Mısır’da Benu Kuşu’nun tarih sahnesine çıkışını Milattan önce üç binli yıllara kadar götürüyoruz ama, Garuda
o kadar yaşlı değil… Benu’dan bin yaş daha genç…

Milattan önce 1200’lü yıllara kadar Hitit topluluğunun tapındıkları, kutsadıkları bir kuş var: “Çift başlı kartal”.
Hititlilerin gibi gözüküyor, ama aslında Hintlilerin… Garuda’nın değişik bir formu. Çift başlı bu kartal kuşu,
omni-yıns ve omni-prezıns (omniscience - omnipresence) olarak nite-lendiriliyor. Yani “her şeyi bilen”, “her
şeyi gören”… “Hâzır ve nâzır olan”…

Hitit kartalı veya çift başlı Garuda, cennet kıralı’nın amblemi… Veya semâvat kıralı’nın… Sonra Bizanslılar
benimsemişler bu amblemi, derken bütün Avrupa’ya yayılmış. Kralların bu amblemi çok sevmelerinin
nedeni, kendilerinin yeryüzünde tanrının temsilcisi veya gölgesi anlamına geliyor olması…

Garuda “necis”in düşmanı… Necis veya nage yılan demek… Veya “şeytan”… Bu düşmanlık Garuda’nın
annesi Vinida ile yılanların annesi Kadru arasındaki bir tartışmadan kaynaklanıyor ve sonuçta Garuda’ya
bulduğu bütün yılanları yok etme görevi veriliyor. Garuda tek başına ve sadece gölgesiyle yılanları öldürme
gücüne sahip bir kuş.

Hindistan’daki sôfî zat, kanatlarının doğurduğu rüzgârın etkisi altında kalmış olmalı, Garuda’dan yola çıkarak
öğütte bulunuyor: “Ey oğul, içindeki şeytanlardan kurtulmak istiyorsan Garuda gibi ol. Sabır pınarından su iç,
vücudunu îmânla doldur, semâvâta kanatlan... İlâhî irfanın ışığıyla kendini aydınlat.” İyi ama… Niçin
Garuda’yı araya sokuşturuyor, ona atıfta bulunuyorsun…

Kaynaklarda Garuda kelimesinin “konuşma’nın kanatları” (wings of speech) anlamına geldiği belirtiliyor. Bir
kuş “uçuyor” gibi gözüküyor, ama aslına bakarsanız “uçmuyor”… Tersine, “konu-şuyor”… Filozof gibi ve
îmâlı bir dille… Metaforlar ve kendisinin de anlamadığı dolambaçların hafakanlarıyla, çarpıntısıyla…

Sôfî şâirler veya “devâ’lar”, kuşları tanrıyla ilişki kurmak üzere yaratılmış, kendilerine bu amaçla üflenmiş, bu
amaçla ruh verilmiş varlıklar olarak görüyorlar.

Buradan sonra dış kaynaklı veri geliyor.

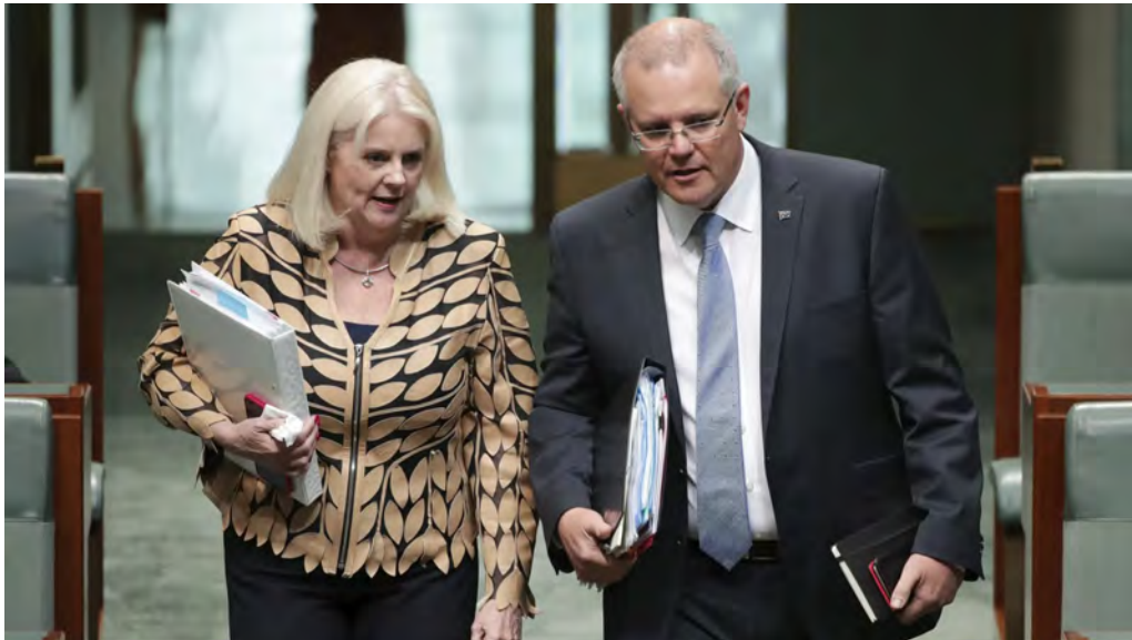
Industry Minister Karen Andrews with Prime Minister Scott Morrison.

The new taskforce will be responsible for restoring confidence in the sector.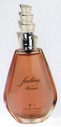
Feeling, Rasasi perfumes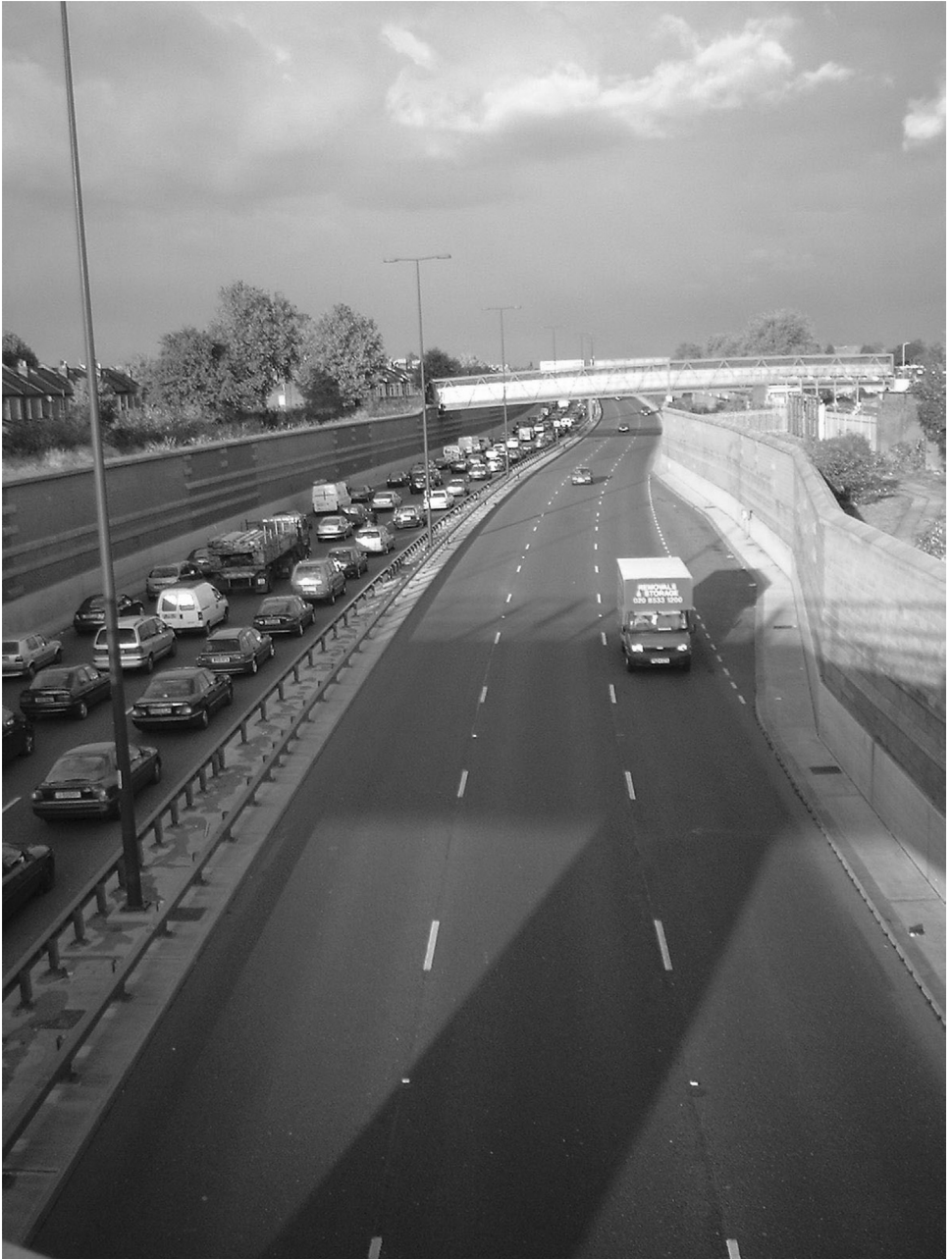
FIGURE 2. 'I know that if my house was still there, it would be hanging in space above the inside northbound lane.' View of the M11 link road from the Linked route.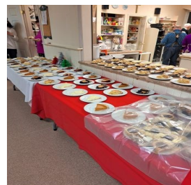
Some pictures from our Christmas Day dinner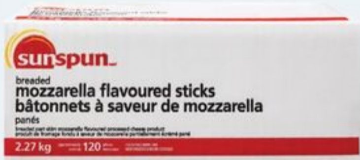
sunspun™ breaded mozzarella cheese sticks frozen, 2.27 kg 20158056_EA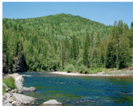
Forest of Central Siberia.

Havada serbestçe uçabilmeleri, semâvâtın derinliklerine
çıkabilmeleri nedeniyle kuşlar, yere bağımlı olan insana göre tanrıyla daha çok ilişki içinde olan lâhûtîler...
Onlar bu yüzden semâvî, bu yüzden ruhânî... Tanrıya bizden çok daha yakınlar… Kuşlar aslında, “ruhu”
temsil ediyorlar… Veya “temsil etmek” ne kelime, ruhun tâ kendileri... Kuşların semâdan yere doğru
süzülmeleri, ruhun yere inmesi gibi… Veya onlar, insana ruh üflenmesinin timsâli. 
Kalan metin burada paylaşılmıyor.